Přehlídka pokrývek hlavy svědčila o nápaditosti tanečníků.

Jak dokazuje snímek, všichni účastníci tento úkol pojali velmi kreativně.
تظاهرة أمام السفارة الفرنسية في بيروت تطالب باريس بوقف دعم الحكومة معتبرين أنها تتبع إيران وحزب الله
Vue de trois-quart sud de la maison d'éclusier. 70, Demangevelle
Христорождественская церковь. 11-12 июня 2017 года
...
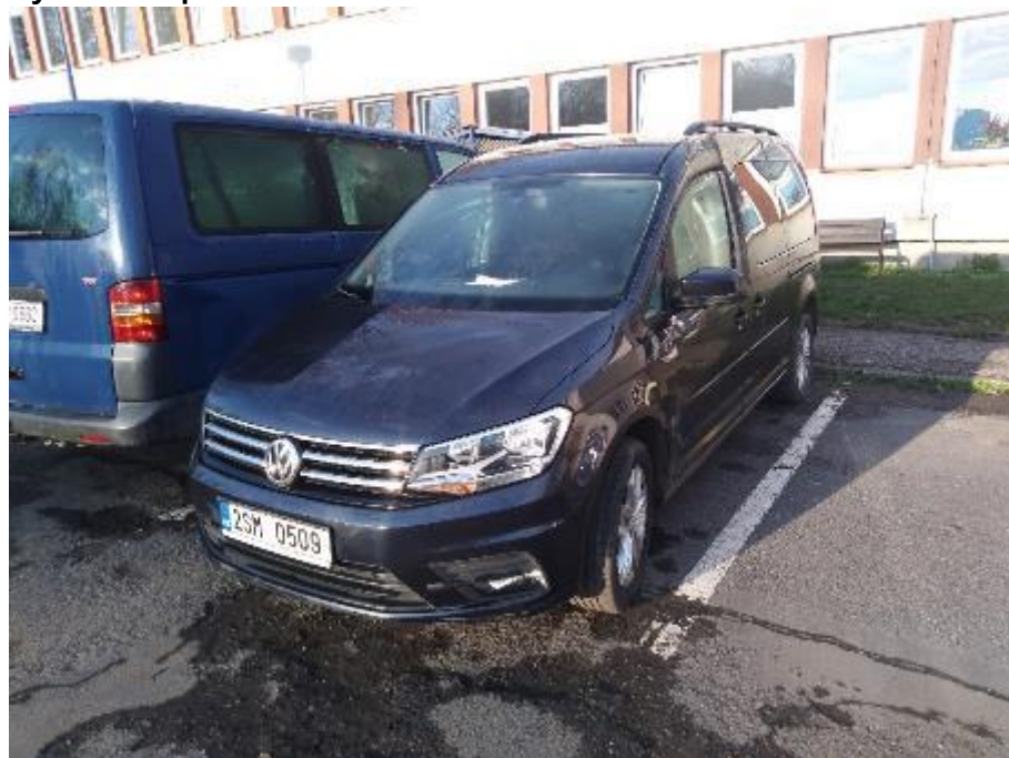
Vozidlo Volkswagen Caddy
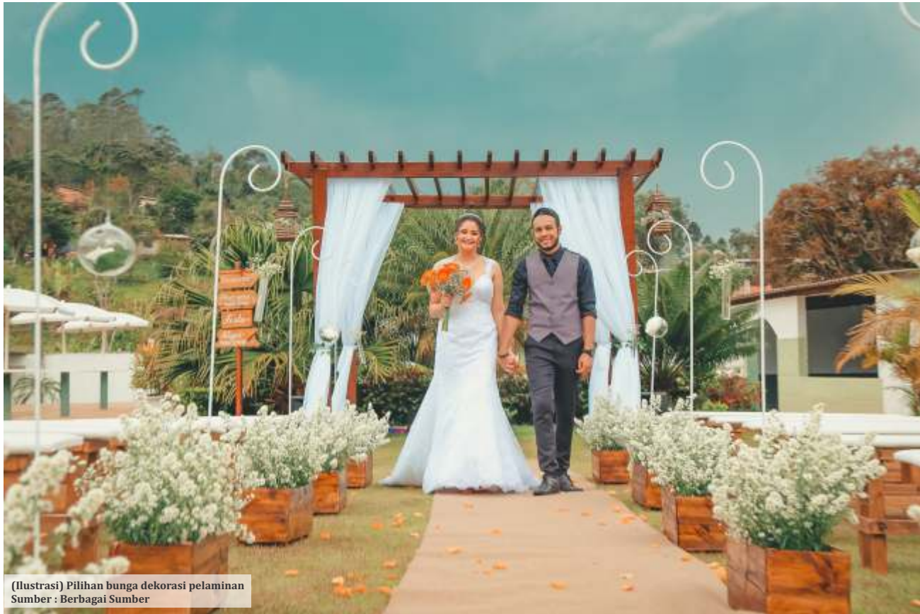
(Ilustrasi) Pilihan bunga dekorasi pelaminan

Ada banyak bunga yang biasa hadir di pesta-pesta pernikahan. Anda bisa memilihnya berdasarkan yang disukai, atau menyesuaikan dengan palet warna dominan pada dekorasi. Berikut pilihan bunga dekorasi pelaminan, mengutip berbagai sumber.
* * *
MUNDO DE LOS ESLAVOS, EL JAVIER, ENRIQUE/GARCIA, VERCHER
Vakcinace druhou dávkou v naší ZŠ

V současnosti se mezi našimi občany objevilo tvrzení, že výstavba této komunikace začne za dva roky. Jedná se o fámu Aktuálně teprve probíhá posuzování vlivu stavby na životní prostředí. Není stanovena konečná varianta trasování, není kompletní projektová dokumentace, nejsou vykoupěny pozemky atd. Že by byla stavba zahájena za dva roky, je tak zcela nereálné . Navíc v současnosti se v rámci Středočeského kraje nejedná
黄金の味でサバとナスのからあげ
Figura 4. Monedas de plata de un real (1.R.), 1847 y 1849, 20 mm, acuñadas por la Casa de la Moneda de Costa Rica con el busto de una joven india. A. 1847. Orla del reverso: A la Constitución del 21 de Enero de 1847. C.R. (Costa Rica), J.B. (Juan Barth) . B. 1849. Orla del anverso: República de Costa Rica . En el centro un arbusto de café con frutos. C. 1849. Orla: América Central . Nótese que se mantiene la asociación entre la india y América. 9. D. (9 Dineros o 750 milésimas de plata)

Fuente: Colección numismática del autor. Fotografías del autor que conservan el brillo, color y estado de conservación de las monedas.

## WHAT THIS TASK INVOLVES:
Output should match, line for line, the stretch of the material above from the line holding "Figura 4. Monedas" through the line holding "Fuente: Colección numismática".

## RESULT BELOW:
Figura 4. Monedas de plata de un real (1.R.), 1847 y 1849, 20 mm, acuñadas por la Casa de la Moneda de Costa Rica con el busto de una joven india. A. 1847. Orla del reverso: A la Constitución del 21 de Enero de 1847. C.R. (Costa Rica), J.B. (Juan Barth) . B. 1849. Orla del anverso: República de Costa Rica . En el centro un arbusto de café con frutos. C. 1849. Orla: América Central . Nótese que se mantiene la asociación entre la india y América. 9. D. (9 Dineros o 750 milésimas de plata)

Fuente: Colección numismática del autor. Fotografías del autor que conservan el brillo, color y estado de conservación de las monedas.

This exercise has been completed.